#### [TASK OBJECTIVE]
Please reproduce the listing in its entirety, exactly as written, but without images.

#### [COLLECTED DATA]

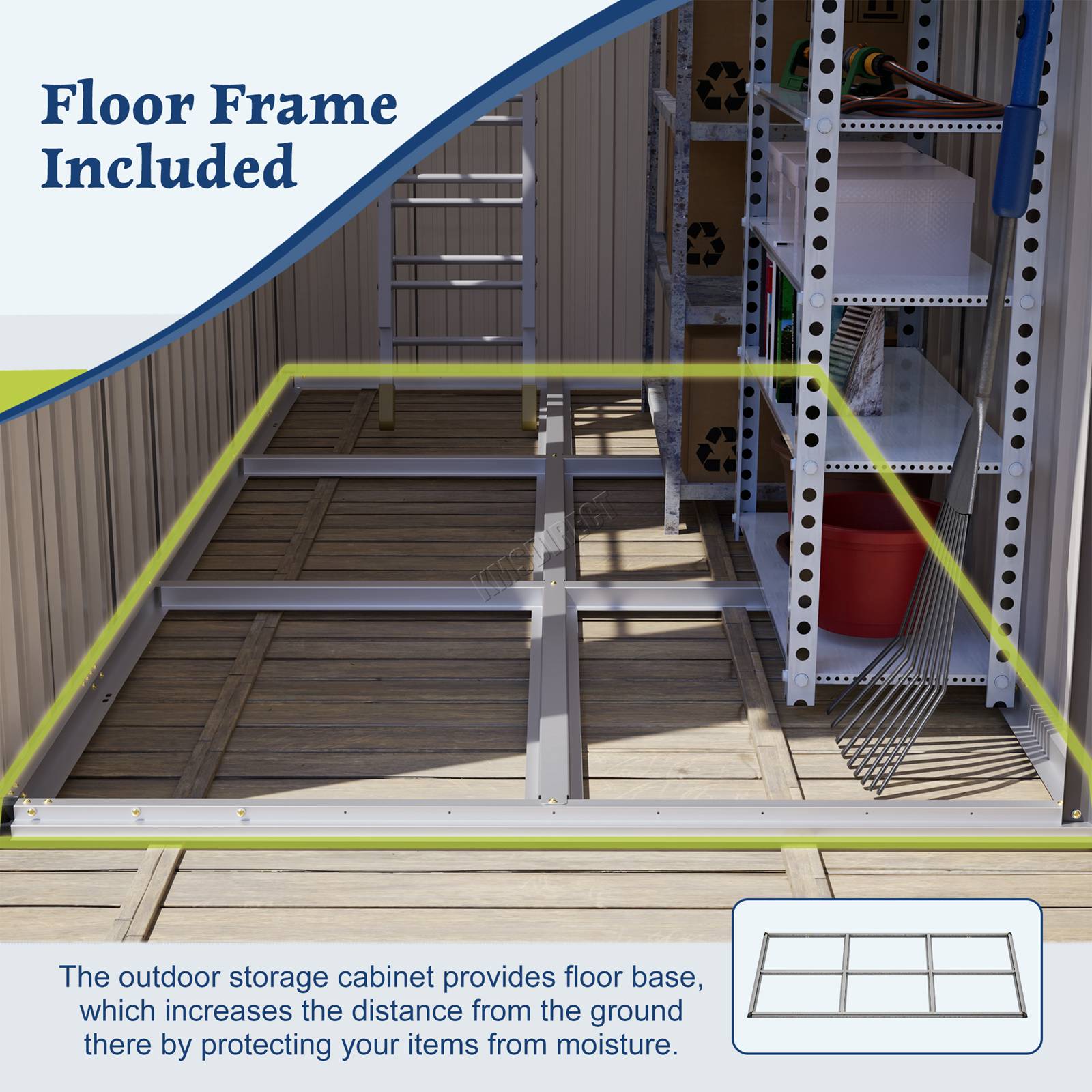 Outsunny 7 x 5FT Garden Shed w/ Foundation Lean to Metal Tool Shed Green
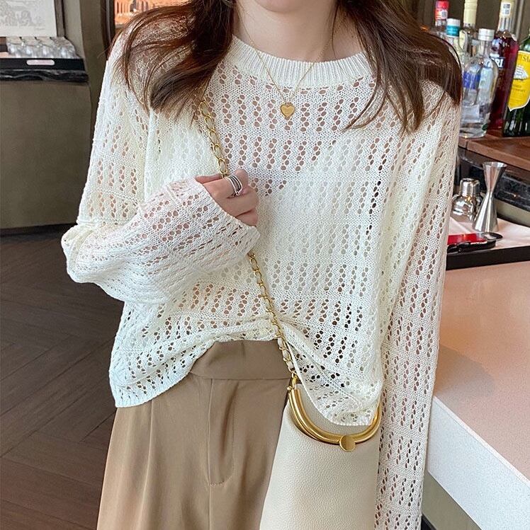 トップス ニット レディース 長袖 Uネック ラウンドネック フェミニン 透け感 シースルー 薄手 ニット かわいい 大人可愛い きれいめ シンプル 上品 おしゃれ かっこいい レトロ ラフ ガーリー ルーズ ラブリー キュート ベーシック ナチュラル 無地 春 夏 秋 お出かけ 旅行 女子会 休日 ショッピング カフェ 重ね着 楽ちん 普段使い 着回し レイヤード モテ 清楚 トレンド 流行 インスタ映え 定番 フリーサイズ 白 ホワイト 黒 ブラック 茶色 ブラウン アプリコット ベーシックカラー
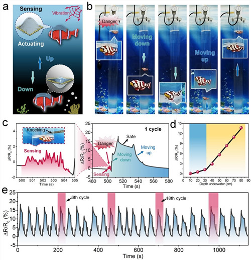 基于中国科学院宁波材料技术与工程研究所陈涛研究员课题组在柔性传感器和软驱动器方面的研究基础(Adv. Mater., 2020, 2004290; Nat. Commun., 2020, 11, 4359; Angew. Chem. Int.Ed., 2019, 58,16243; J. Mater. Chem. A, 2019, 7, 26631; ACS Nano, 2019, 13, 4368; Nano Energy, 2019, 59, 422; Adv. Funct. Mater., 2018, 28, 1704568; Chem. Mater., 2018, 30, 4343; J. Mater. Chem. C, 2018, 6, 5140; J. Mater. Chem. C, 2018, 6, 6666等)。近期,受到小丑鱼鱼鳔同时具有感知和变形驱动功能的启发,开发了一种水下自感知的软驱动器。
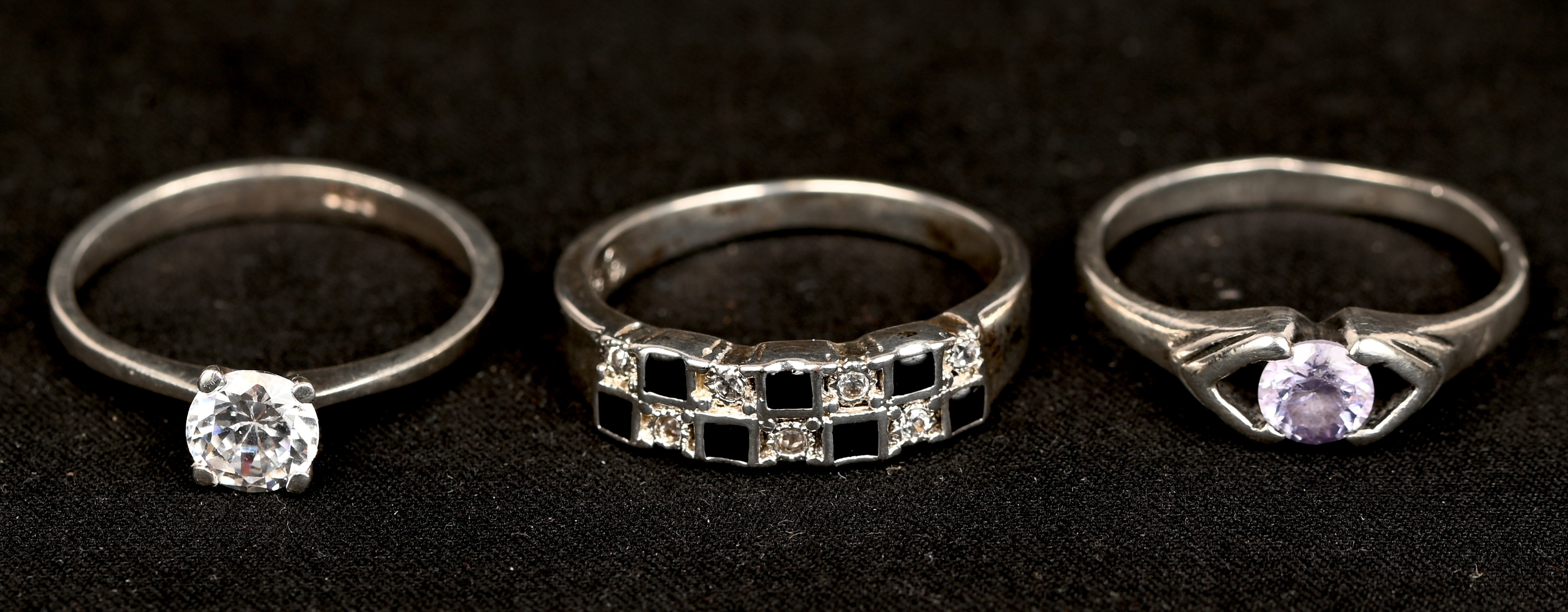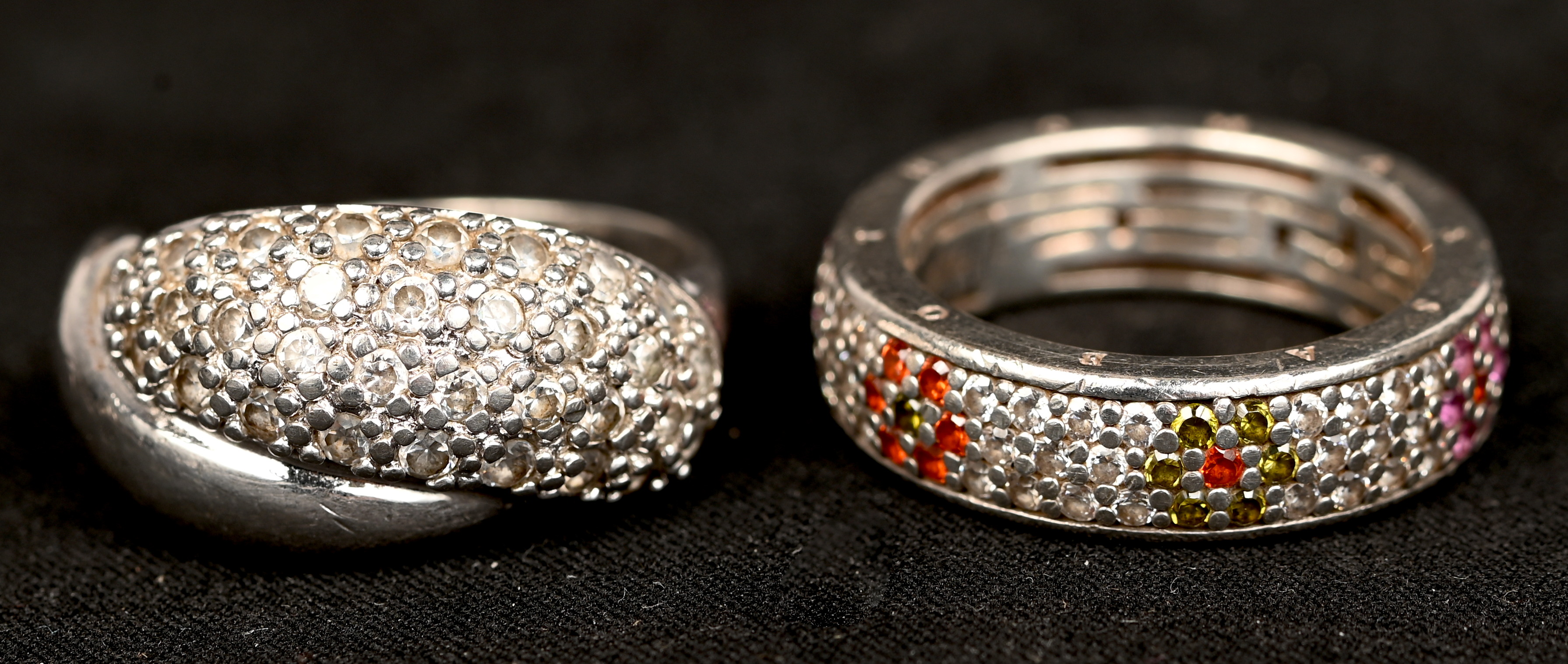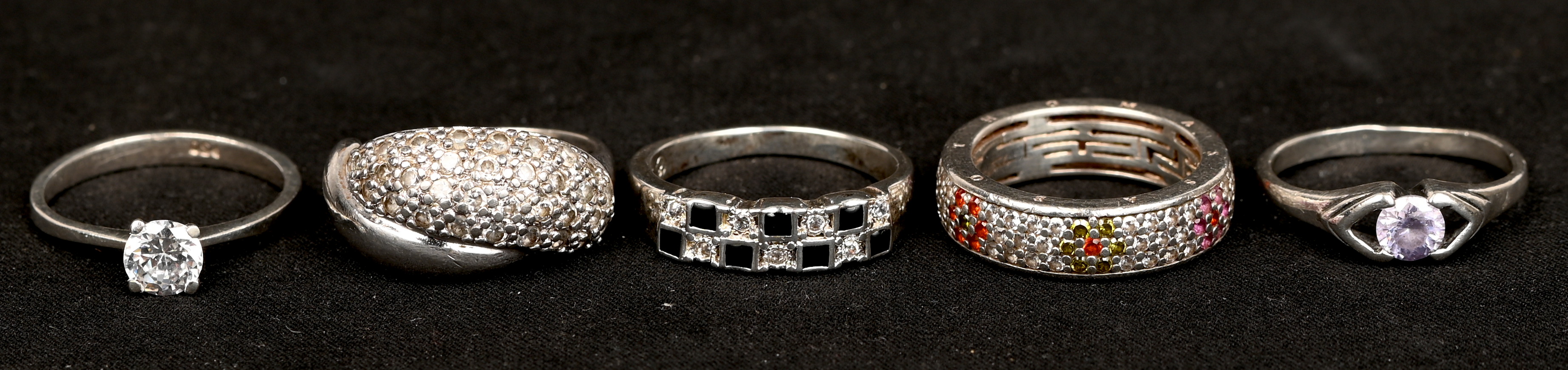 Vijf verschillende zilveren ringen bezet met fantasiestenen. 925‰.

#### [RESULT OF THIS EXERCISE]
 Outsunny 7 x 5FT Garden Shed w/ Foundation Lean to Metal Tool Shed Green
 トップス ニット レディース 長袖 Uネック ラウンドネック フェミニン 透け感 シースルー 薄手 ニット かわいい 大人可愛い きれいめ シンプル 上品 おしゃれ かっこいい レトロ ラフ ガーリー ルーズ ラブリー キュート ベーシック ナチュラル 無地 春 夏 秋 お出かけ 旅行 女子会 休日 ショッピング カフェ 重ね着 楽ちん 普段使い 着回し レイヤード モテ 清楚 トレンド 流行 インスタ映え 定番 フリーサイズ 白 ホワイト 黒 ブラック 茶色 ブラウン アプリコット ベーシックカラー
 基于中国科学院宁波材料技术与工程研究所陈涛研究员课题组在柔性传感器和软驱动器方面的研究基础(Adv. Mater., 2020, 2004290; Nat. Commun., 2020, 11, 4359; Angew. Chem. Int.Ed., 2019, 58,16243; J. Mater. Chem. A, 2019, 7, 26631; ACS Nano, 2019, 13, 4368; Nano Energy, 2019, 59, 422; Adv. Funct. Mater., 2018, 28, 1704568; Chem. Mater., 2018, 30, 4343; J. Mater. Chem. C, 2018, 6, 5140; J. Mater. Chem. C, 2018, 6, 6666等)。近期,受到小丑鱼鱼鳔同时具有感知和变形驱动功能的启发,开发了一种水下自感知的软驱动器。
 Vijf verschillende zilveren ringen bezet met fantasiestenen. 925‰.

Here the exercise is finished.